CARPE DIEM: The Public Service and the Minority Government - Institute on Governance

CARPE DIEM: The Public Service and the Minority Government

3 minute read

By Toby Fyfe, President, Institute on Governance

“The public service needs to be asking itself some serious questions to make sure that in the 21st Century world of significant social and economic upheaval, disruption and division, the public sector of the future is up to the task of serving the Canadian public.”

There is no shortage of analysis, conjecture and punditry assessing the outcome of the federal election and the challenges the Prime Minister will face forming and running a minority government.

What should the public service do in this situation?

Minority governments can accomplish great things. This one will have to: as the Prime Minister noted, Canadians expect action from all our politicians on key social and economic issues. They will not accept the political difficulties of a minority government as an excuse for failure.

From a governance perspective, the challenge can be articulated this way: citizens remain cynical about the ability of government – of all governments – to deliver, but nonetheless expect action. If this minority government does not succeed in meeting those expectations, trust in the ability of the public sector to accomplish things will continue to fall, with possible long-term implications for democratic stability.

This should matter to the public service. It is also an opportunity for it.

In the business-as-usual category, the public service will be working hard to ensure a smooth transition, editing materials and informing new ministers on their portfolios.

It should do more.

In the medium term, whether the issue is climate change, pipelines, federal-provincial relations, the Arctic, reconciliation or countless other divisive yet critical issues, the public service should take a leadership role in developing new, inventive, innovative, out-of-the-box options to help the new government find the common ground necessary for moving forward in this divisive and changing environment.

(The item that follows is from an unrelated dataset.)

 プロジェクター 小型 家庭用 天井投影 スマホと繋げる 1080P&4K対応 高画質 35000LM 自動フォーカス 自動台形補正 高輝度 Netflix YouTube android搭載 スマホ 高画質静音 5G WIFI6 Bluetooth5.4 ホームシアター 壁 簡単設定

In the long-term, the public service needs to prepare a robust reform initiative to save its own relevance. This is more than about being better and faster. It is about asking some fundamental questions such as: what is the public policy role of a 21stcentury public service? How should risk be defined in and by a 21stcentury public service? How will a 21stcentury public service convince Canadians and politicians that it matters?

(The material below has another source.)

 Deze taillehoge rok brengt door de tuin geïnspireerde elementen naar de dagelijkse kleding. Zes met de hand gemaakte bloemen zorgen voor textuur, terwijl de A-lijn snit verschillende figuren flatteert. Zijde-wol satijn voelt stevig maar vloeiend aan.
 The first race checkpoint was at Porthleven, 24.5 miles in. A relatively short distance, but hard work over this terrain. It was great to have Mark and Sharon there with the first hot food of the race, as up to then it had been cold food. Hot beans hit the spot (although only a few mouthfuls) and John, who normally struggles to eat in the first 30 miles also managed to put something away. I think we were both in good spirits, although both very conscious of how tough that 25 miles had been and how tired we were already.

In short, the public service needs to be asking itself some serious questions to make sure that in the 21stcentury world of significant social and economic upheaval, disruption and division, the public sector of the future is up to the task of serving the Canadian public.

The then-Clerk of the Privy Council bragged in his 26thAnnual Report of March 2019 that “Canada’s federal public servants have been working hard to support their ministers in addressing…important shifts.” The challenge for the public service is to make sure it can continue to do so.